▶ _EXERCISE REQUIREMENTS_: Would you repeat the listing exactly, without any of its images?

▶ _RECORDS FOR THIS TASK_:

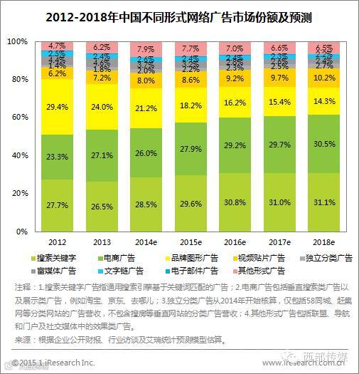 2014年,根据艾瑞咨询集团发布网络广告市场数据,在新的划分口径下,中国网络广告市场中占比最大的为搜索关键字广告(不含联盟),达到28.5%,较2013年上升2个百分点。份额排名第二的广告形式为电商广告,占比为26.0%,较去年小幅下降。品牌图形广告份额位居第三,占比为21.2%。
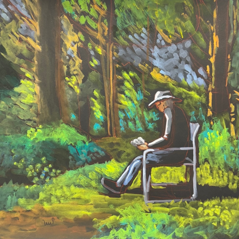 I’m drawn into the painting by the cool values of green, and the dabs of colors created with the paint strokes. The diagonals of these strokes moves the viewer’s eye into the light which is cast on the figure. You can feel yourself sitting in the warmth of the sun with him as he’s reading.
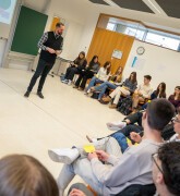 Den Dënschden 13. Januar 2026 ass eng Ekipp vum Mierscher Theater zesumme mat Kënschtler*innen aus Berlin a Lëtzebuerg fir e Workshop bei d’Schüler*innen vun der 3eA komm, fir mat hinnen d’Thema Männlechkeet, Männlechkeetsstereotyppen an toxesch Männlechkeet ze erörteren. Well de Mierscher Theater un enger Theaterkreatioun zu dësem Thema schafft, déi am Juni bei hinnen zu Miersch op der Bün virgestallt gëtt, hunn si d’Hëllef vu Jugendleche gesicht, fir dëst Thema realitéitsno ze behandelen. Op dës Manéier konnt eng kritesch a respektvoll Reflexioun iwwer d’Thema Männlechkeet stattfannen, an där sech d’Schüler*innen konnte matdeelen an austauschen an hire kreativen Ausdrock trainéiere konnten.
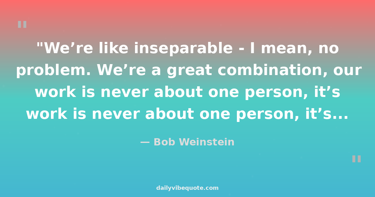 "We’re like inseparable - I mean, no problem. We’re a great combination, our work is never about one person, it’s always about running ideas past each other, listening to each other. We’ve been like this for our whole lives. We’re not a one-man band."
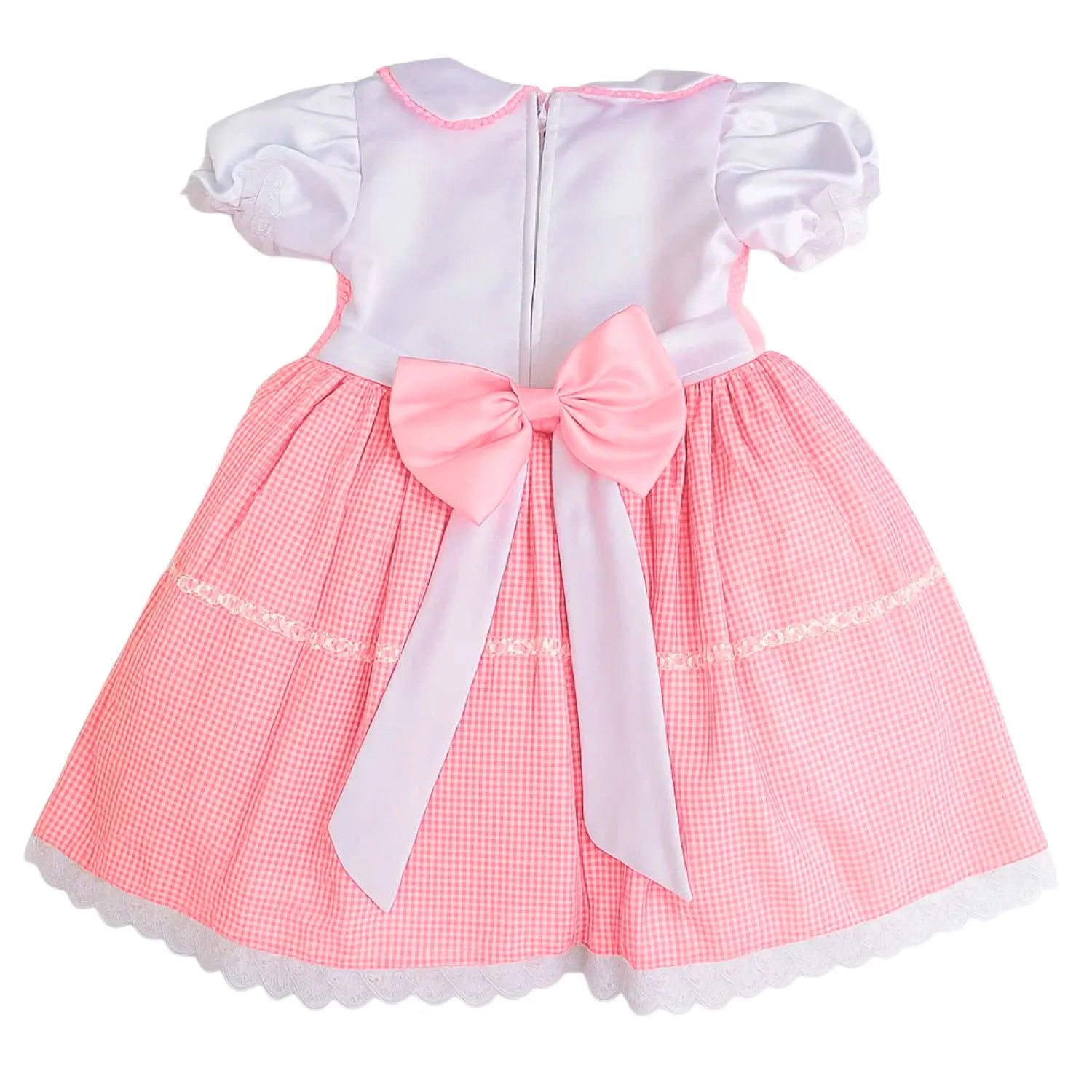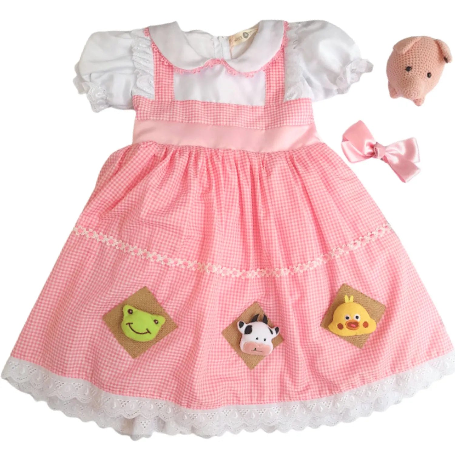 Deja que tu pequeña brille con este adorable vestido inspirado en este personaje tan amado. Su diseño combina tonos rosados de cuadros con detalles de animales que evocan la magia y dulzura del icónico personaje de campo.

▶ _SOLUTION BELOW_:
 2014年,根据艾瑞咨询集团发布网络广告市场数据,在新的划分口径下,中国网络广告市场中占比最大的为搜索关键字广告(不含联盟),达到28.5%,较2013年上升2个百分点。份额排名第二的广告形式为电商广告,占比为26.0%,较去年小幅下降。品牌图形广告份额位居第三,占比为21.2%。
 I’m drawn into the painting by the cool values of green, and the dabs of colors created with the paint strokes. The diagonals of these strokes moves the viewer’s eye into the light which is cast on the figure. You can feel yourself sitting in the warmth of the sun with him as he’s reading.
 Den Dënschden 13. Januar 2026 ass eng Ekipp vum Mierscher Theater zesumme mat Kënschtler*innen aus Berlin a Lëtzebuerg fir e Workshop bei d’Schüler*innen vun der 3eA komm, fir mat hinnen d’Thema Männlechkeet, Männlechkeetsstereotyppen an toxesch Männlechkeet ze erörteren. Well de Mierscher Theater un enger Theaterkreatioun zu dësem Thema schafft, déi am Juni bei hinnen zu Miersch op der Bün virgestallt gëtt, hunn si d’Hëllef vu Jugendleche gesicht, fir dëst Thema realitéitsno ze behandelen. Op dës Manéier konnt eng kritesch a respektvoll Reflexioun iwwer d’Thema Männlechkeet stattfannen, an där sech d’Schüler*innen konnte matdeelen an austauschen an hire kreativen Ausdrock trainéiere konnten.
 "We’re like inseparable - I mean, no problem. We’re a great combination, our work is never about one person, it’s always about running ideas past each other, listening to each other. We’ve been like this for our whole lives. We’re not a one-man band."
 Deja que tu pequeña brille con este adorable vestido inspirado en este personaje tan amado. Su diseño combina tonos rosados de cuadros con detalles de animales que evocan la magia y dulzura del icónico personaje de campo.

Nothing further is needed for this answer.